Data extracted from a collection

════════════════════

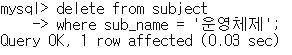 mysql> update subject
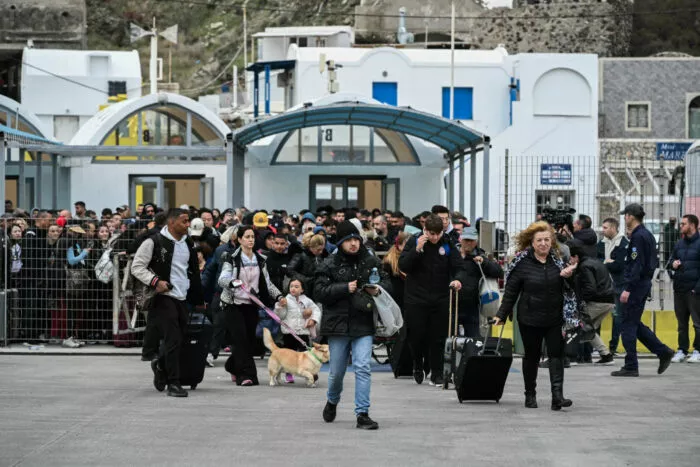 Einwohner der griechischen Insel Santorini, die sich am 4. Februar 2025 auf ihre Abreise nach den wiederholten Erdbeben vorbereiten.
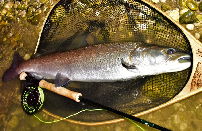 Je redescends de quelques pas et recommence mes roulés avec mon imitation de petite arc-en-ciel. Alors que je strippe lentement, la soie se tend à nouveau et je ferre énergiquement. Un monstrueux remous se forme en surface. Jean-Paul, qui est en hauteur sur la berge, me crie : « il est énorme » ! Je tire sur ma soie et fais monter effectivement un des plus gros salmonidés que je n’ai jamais vus. Ce huchon dépasse allégrement le mètre et il se met à rouler sur lui-même. Je suis bien tendu mais ne sais trop quoi faire. Il n’est qu’à une dizaine de mètres de moi et ne démarre pas. Tout à coup, la soie se détend, c’est fini l’animal a réussi à se décrocher… ! Des amis guides me diront plus tard que, dans ce cas, il faut tirer comme un ours sur la ligne pour tracter le gros salmonidé et le forcer à se battre vraiment. Bon, j’ai failli faire deux magnifiques poissons en cinq lancers, dont un véritable trophée, alors que lors des cinq cents lancers précédents, je n’ai pas eu une touche !
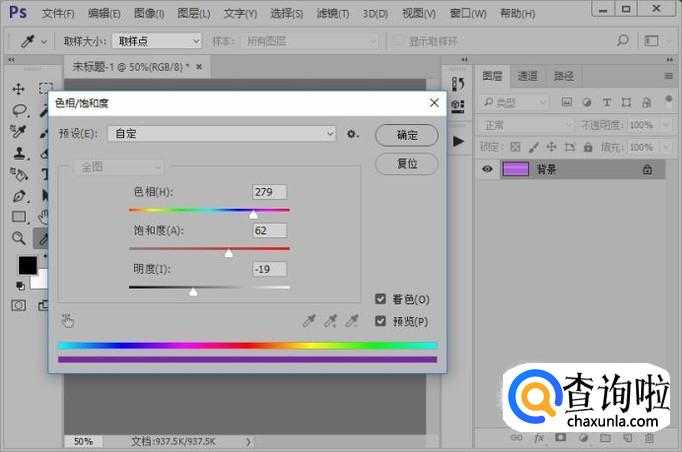 然后我们拼合图像。并使用色相饱和度调整拼合后的图片,参数如图所示。
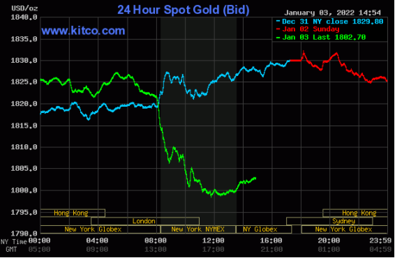 24K99讯 周一(1月3日)是2022年的第一个交易日,黄金和白银期货价格均大幅下跌。美市尾盘,2月期金下跌29.60美元,报1799.00美元/盎司;3月纽约商品交易所期银下跌0.487美元,报22.87美元/盎司。
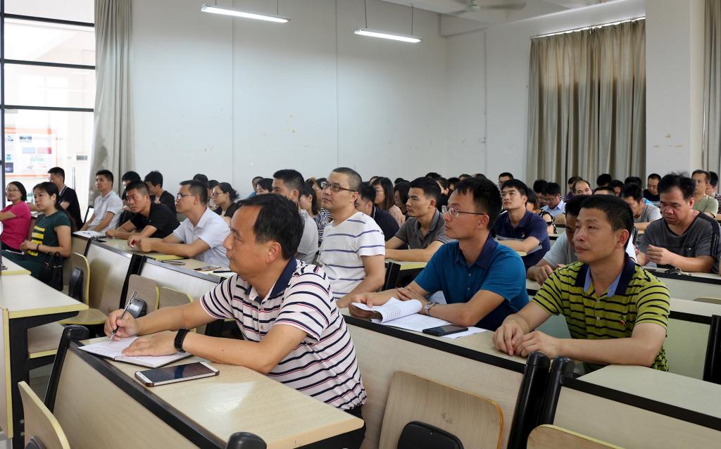 接着,钟建坤院长对学院本学期的党建、教学、学生管理、行政管理、教科研及社会服务等工作进行详细的总结,希望全体教职工共同努力,改变调课率高、专业建设的工作执行力待不够、部分教师职业教育教学能力和教研科研能力不足等现状。钟建坤院长希望下学年学院要进一步完善资料的管理制度,增强学院管理水平、形成有效的管理体系,加强学院领导班子、专业主任以及教师队伍建设等。

════════════════════

▶ **WHAT TO PRODUCE**
The result should be an exact retyped version of all the entries above, containing no pictures.

▶ **SOLUTION FOR THIS PROBLEM**
 mysql> update subject
 Einwohner der griechischen Insel Santorini, die sich am 4. Februar 2025 auf ihre Abreise nach den wiederholten Erdbeben vorbereiten.
 Je redescends de quelques pas et recommence mes roulés avec mon imitation de petite arc-en-ciel. Alors que je strippe lentement, la soie se tend à nouveau et je ferre énergiquement. Un monstrueux remous se forme en surface. Jean-Paul, qui est en hauteur sur la berge, me crie : « il est énorme » ! Je tire sur ma soie et fais monter effectivement un des plus gros salmonidés que je n’ai jamais vus. Ce huchon dépasse allégrement le mètre et il se met à rouler sur lui-même. Je suis bien tendu mais ne sais trop quoi faire. Il n’est qu’à une dizaine de mètres de moi et ne démarre pas. Tout à coup, la soie se détend, c’est fini l’animal a réussi à se décrocher… ! Des amis guides me diront plus tard que, dans ce cas, il faut tirer comme un ours sur la ligne pour tracter le gros salmonidé et le forcer à se battre vraiment. Bon, j’ai failli faire deux magnifiques poissons en cinq lancers, dont un véritable trophée, alors que lors des cinq cents lancers précédents, je n’ai pas eu une touche !
 然后我们拼合图像。并使用色相饱和度调整拼合后的图片,参数如图所示。
 24K99讯 周一(1月3日)是2022年的第一个交易日,黄金和白银期货价格均大幅下跌。美市尾盘,2月期金下跌29.60美元,报1799.00美元/盎司;3月纽约商品交易所期银下跌0.487美元,报22.87美元/盎司。
 接着,钟建坤院长对学院本学期的党建、教学、学生管理、行政管理、教科研及社会服务等工作进行详细的总结,希望全体教职工共同努力,改变调课率高、专业建设的工作执行力待不够、部分教师职业教育教学能力和教研科研能力不足等现状。钟建坤院长希望下学年学院要进一步完善资料的管理制度,增强学院管理水平、形成有效的管理体系,加强学院领导班子、专业主任以及教师队伍建设等。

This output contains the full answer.